§ **Required action**
From the entries below, reproduce exactly the line containing "Off-topic: ik zou", the line containing "Früchtetee Dattelzauber Südfrucht", and every line in between, with nothing added.

§ **Source data**
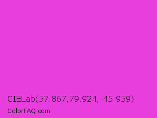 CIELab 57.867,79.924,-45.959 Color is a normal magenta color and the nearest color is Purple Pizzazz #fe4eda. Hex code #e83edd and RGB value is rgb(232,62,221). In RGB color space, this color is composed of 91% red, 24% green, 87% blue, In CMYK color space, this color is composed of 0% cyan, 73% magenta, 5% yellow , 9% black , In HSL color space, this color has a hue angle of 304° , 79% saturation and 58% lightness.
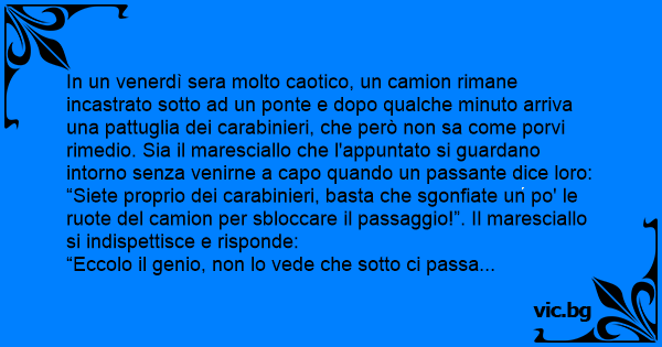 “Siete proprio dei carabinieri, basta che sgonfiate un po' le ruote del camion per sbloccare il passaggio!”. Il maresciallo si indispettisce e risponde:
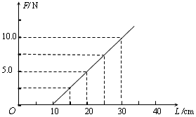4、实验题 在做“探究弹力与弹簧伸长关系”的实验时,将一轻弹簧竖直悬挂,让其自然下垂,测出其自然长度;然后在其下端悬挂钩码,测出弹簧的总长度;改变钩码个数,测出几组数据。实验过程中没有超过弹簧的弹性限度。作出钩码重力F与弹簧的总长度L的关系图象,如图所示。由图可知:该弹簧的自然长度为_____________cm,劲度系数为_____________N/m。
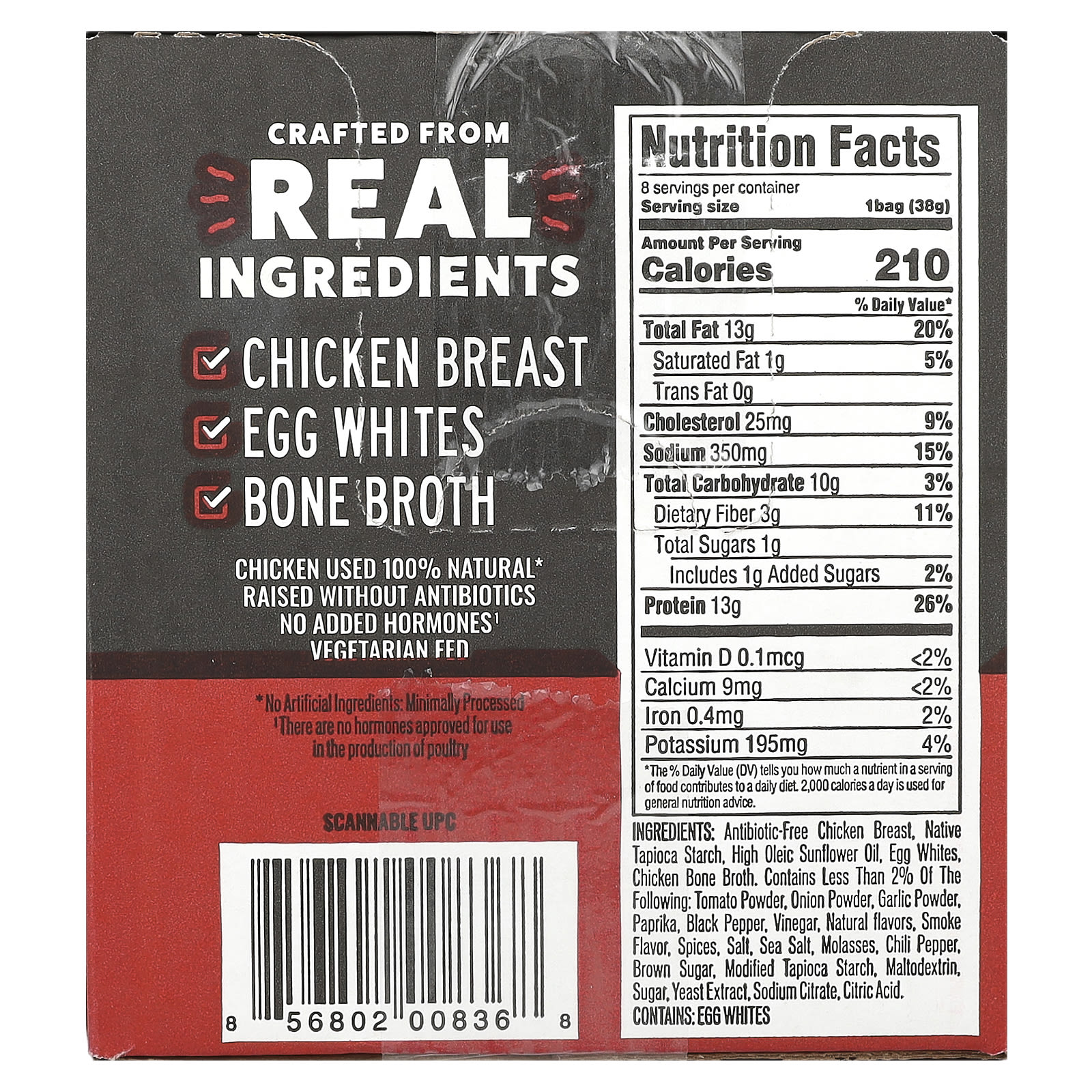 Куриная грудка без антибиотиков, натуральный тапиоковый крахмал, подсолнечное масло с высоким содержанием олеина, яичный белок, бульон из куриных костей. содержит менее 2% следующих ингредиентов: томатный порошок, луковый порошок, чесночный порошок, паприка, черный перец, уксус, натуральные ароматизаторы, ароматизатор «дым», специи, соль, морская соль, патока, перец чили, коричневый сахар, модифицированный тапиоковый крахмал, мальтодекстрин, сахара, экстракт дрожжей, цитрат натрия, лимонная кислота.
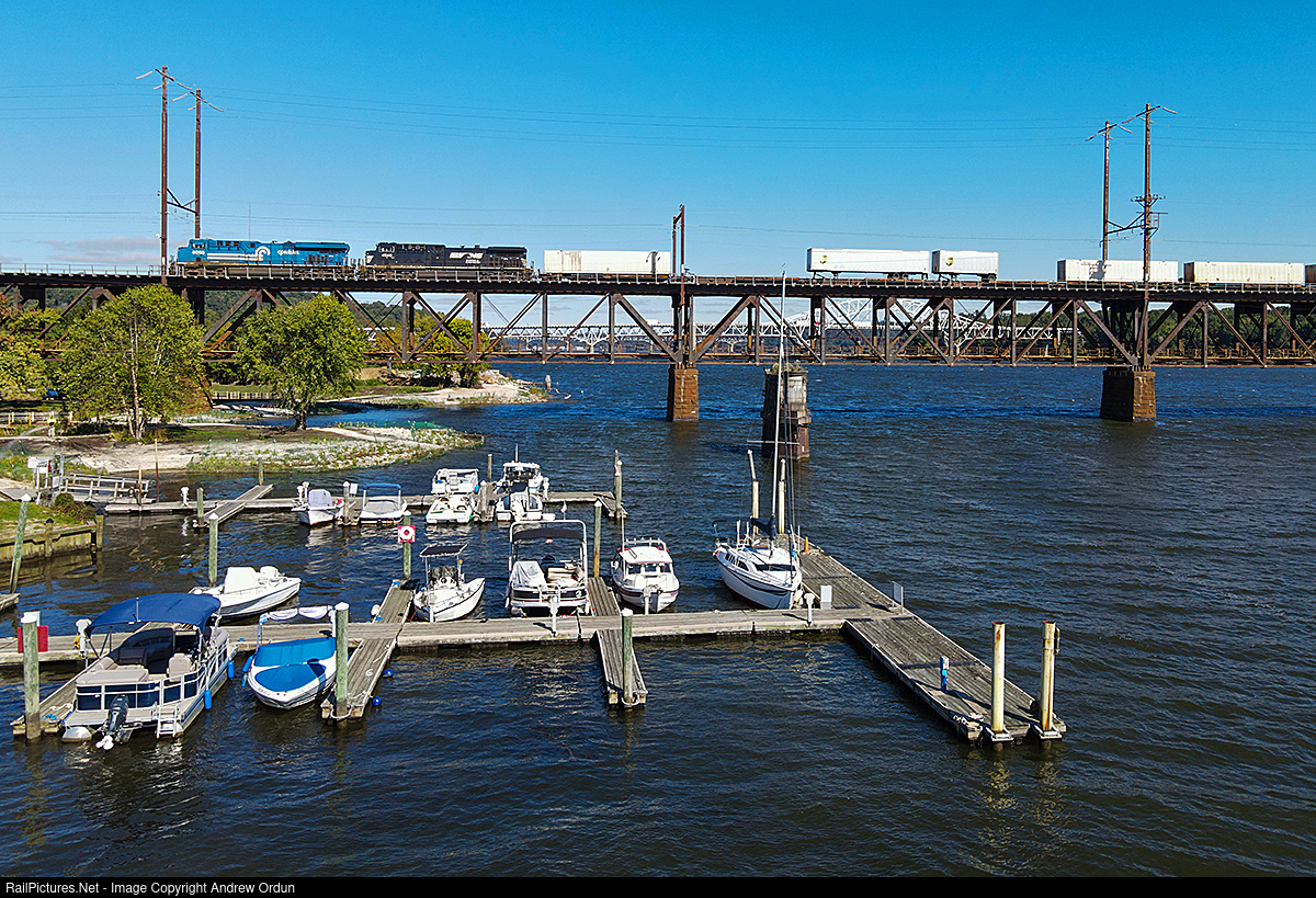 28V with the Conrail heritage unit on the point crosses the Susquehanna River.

* * *

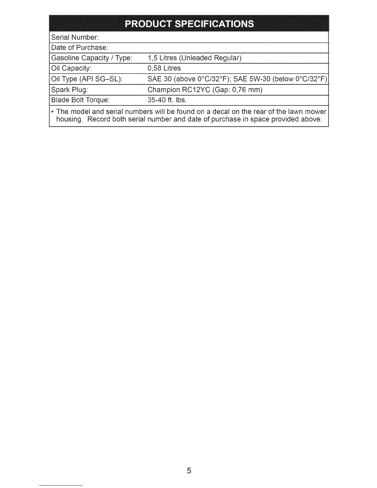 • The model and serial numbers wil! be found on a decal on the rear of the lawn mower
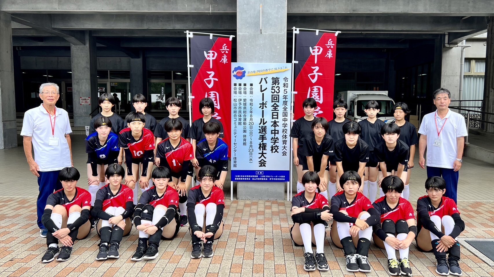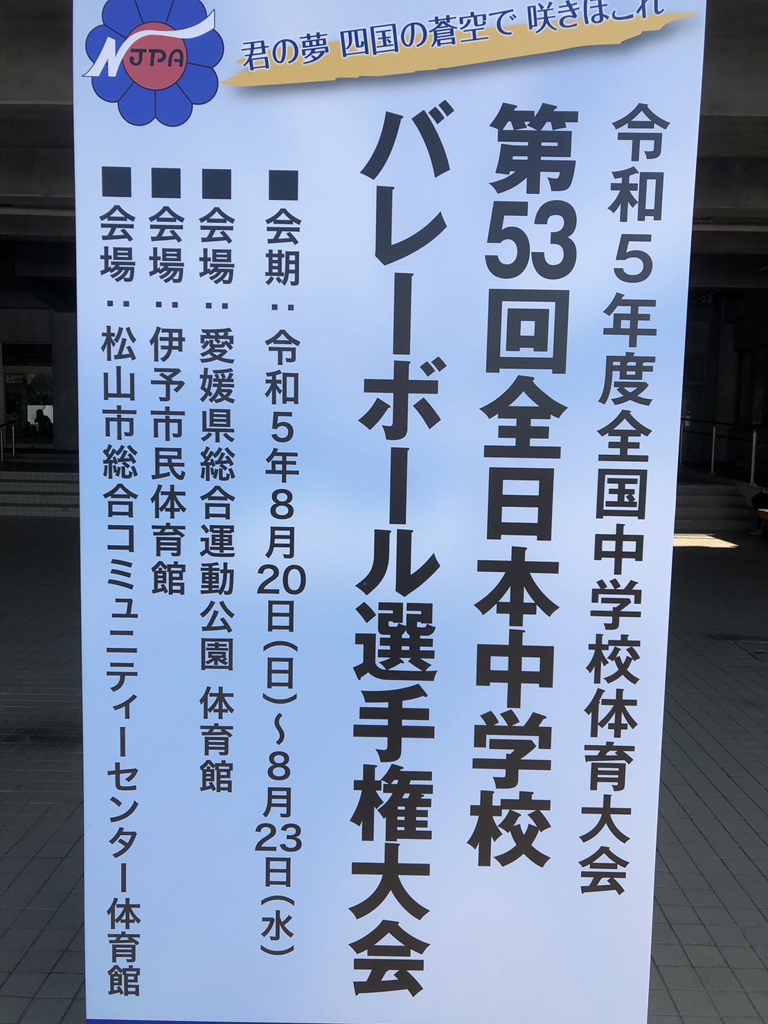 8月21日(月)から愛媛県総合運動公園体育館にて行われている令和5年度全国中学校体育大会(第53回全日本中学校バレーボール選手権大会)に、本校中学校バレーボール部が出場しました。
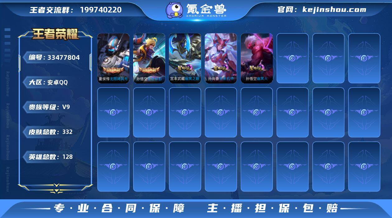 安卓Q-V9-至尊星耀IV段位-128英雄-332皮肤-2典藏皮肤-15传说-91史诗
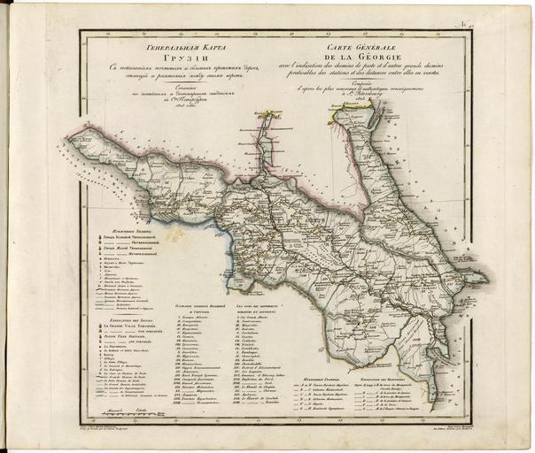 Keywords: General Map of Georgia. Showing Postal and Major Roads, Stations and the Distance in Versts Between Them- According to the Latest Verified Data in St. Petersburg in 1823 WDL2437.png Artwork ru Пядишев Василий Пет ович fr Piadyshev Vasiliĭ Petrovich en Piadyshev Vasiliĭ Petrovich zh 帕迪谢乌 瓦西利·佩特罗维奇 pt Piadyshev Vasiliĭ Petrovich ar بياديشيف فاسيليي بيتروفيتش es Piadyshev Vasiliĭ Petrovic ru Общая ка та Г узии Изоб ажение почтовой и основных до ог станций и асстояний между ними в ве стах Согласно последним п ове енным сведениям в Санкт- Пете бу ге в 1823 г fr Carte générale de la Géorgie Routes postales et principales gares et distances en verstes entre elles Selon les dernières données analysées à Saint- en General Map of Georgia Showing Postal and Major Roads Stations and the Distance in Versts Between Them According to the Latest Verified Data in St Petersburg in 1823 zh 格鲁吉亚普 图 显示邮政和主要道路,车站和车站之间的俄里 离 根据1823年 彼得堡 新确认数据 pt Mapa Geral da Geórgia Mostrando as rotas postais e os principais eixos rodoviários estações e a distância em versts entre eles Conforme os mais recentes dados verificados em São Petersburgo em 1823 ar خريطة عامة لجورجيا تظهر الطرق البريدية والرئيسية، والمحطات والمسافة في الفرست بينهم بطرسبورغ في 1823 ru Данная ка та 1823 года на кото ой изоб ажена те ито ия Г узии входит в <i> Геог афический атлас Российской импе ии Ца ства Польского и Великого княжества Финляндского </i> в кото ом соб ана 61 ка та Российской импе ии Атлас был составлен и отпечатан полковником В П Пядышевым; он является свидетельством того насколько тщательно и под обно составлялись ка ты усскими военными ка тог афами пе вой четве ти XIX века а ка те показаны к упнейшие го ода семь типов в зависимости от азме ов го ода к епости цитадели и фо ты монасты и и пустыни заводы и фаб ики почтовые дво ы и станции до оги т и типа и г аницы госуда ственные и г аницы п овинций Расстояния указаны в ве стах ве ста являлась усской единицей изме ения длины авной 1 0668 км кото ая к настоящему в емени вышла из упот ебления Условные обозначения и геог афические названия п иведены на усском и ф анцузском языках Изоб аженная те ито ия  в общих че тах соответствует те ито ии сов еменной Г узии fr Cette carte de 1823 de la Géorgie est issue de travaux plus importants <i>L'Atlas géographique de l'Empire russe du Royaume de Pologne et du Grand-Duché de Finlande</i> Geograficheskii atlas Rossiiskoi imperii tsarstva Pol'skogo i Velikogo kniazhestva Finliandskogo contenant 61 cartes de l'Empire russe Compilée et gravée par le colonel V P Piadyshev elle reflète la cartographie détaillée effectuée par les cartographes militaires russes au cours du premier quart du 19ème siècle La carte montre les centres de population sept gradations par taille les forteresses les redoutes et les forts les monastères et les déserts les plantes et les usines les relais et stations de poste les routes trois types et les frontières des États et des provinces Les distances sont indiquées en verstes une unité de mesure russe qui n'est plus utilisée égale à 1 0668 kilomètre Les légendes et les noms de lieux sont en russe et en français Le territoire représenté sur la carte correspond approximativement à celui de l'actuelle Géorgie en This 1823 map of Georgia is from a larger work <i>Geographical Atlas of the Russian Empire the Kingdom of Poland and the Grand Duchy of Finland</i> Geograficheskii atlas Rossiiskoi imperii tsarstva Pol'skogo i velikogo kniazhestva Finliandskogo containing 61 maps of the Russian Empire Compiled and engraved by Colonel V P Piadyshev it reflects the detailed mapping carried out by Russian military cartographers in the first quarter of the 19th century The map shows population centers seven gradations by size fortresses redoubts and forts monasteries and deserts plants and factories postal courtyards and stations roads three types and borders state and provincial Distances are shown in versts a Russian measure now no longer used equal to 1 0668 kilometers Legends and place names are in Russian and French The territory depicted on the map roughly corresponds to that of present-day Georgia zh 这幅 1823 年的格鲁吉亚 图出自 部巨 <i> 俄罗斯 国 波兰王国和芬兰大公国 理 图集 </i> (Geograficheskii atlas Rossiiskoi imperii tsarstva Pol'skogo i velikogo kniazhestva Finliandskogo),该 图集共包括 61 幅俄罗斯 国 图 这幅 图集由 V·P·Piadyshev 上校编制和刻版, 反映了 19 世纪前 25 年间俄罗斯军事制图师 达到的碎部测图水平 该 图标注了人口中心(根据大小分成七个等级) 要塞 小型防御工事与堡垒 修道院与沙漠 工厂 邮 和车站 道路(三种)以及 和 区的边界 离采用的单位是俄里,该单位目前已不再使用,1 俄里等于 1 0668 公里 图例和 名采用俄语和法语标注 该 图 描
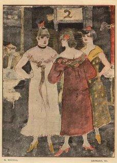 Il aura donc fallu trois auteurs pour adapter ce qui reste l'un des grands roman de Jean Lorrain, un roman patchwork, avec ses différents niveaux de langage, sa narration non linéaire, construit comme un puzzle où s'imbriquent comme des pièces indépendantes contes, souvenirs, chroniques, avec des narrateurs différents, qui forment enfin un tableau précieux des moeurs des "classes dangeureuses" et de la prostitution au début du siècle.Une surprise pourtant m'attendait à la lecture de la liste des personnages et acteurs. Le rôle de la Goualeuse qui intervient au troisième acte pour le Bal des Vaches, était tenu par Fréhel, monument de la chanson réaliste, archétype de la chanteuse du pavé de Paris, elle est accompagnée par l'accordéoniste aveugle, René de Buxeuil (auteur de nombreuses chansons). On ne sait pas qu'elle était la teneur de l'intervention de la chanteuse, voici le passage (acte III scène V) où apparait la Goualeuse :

--

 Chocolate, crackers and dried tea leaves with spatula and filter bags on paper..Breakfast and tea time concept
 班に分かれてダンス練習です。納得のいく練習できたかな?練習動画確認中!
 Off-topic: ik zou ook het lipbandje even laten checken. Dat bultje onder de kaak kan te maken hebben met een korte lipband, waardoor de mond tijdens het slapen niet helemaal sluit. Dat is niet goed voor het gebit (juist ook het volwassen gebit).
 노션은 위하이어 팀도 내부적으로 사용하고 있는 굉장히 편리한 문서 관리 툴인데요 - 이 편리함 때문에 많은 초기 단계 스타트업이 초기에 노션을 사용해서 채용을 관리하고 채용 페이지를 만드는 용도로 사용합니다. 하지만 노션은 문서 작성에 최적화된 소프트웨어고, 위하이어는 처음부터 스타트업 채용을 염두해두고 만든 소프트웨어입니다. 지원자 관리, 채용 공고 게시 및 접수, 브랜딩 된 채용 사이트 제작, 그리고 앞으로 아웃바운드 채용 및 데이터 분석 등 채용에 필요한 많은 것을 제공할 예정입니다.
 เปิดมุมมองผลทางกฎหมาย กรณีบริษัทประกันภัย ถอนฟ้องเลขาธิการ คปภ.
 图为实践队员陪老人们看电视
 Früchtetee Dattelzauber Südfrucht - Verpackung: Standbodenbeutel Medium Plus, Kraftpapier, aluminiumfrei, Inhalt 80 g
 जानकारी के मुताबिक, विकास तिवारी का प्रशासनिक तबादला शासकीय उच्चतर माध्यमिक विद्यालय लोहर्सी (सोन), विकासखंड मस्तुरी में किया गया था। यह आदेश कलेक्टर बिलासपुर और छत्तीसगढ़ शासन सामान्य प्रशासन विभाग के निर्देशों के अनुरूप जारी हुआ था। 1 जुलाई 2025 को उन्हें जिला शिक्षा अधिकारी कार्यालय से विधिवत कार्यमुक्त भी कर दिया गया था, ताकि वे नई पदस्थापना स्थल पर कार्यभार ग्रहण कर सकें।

§ **Exercise solution**
 Off-topic: ik zou ook het lipbandje even laten checken. Dat bultje onder de kaak kan te maken hebben met een korte lipband, waardoor de mond tijdens het slapen niet helemaal sluit. Dat is niet goed voor het gebit (juist ook het volwassen gebit).
 노션은 위하이어 팀도 내부적으로 사용하고 있는 굉장히 편리한 문서 관리 툴인데요 - 이 편리함 때문에 많은 초기 단계 스타트업이 초기에 노션을 사용해서 채용을 관리하고 채용 페이지를 만드는 용도로 사용합니다. 하지만 노션은 문서 작성에 최적화된 소프트웨어고, 위하이어는 처음부터 스타트업 채용을 염두해두고 만든 소프트웨어입니다. 지원자 관리, 채용 공고 게시 및 접수, 브랜딩 된 채용 사이트 제작, 그리고 앞으로 아웃바운드 채용 및 데이터 분석 등 채용에 필요한 많은 것을 제공할 예정입니다.
 เปิดมุมมองผลทางกฎหมาย กรณีบริษัทประกันภัย ถอนฟ้องเลขาธิการ คปภ.
 图为实践队员陪老人们看电视
 Früchtetee Dattelzauber Südfrucht - Verpackung: Standbodenbeutel Medium Plus, Kraftpapier, aluminiumfrei, Inhalt 80 g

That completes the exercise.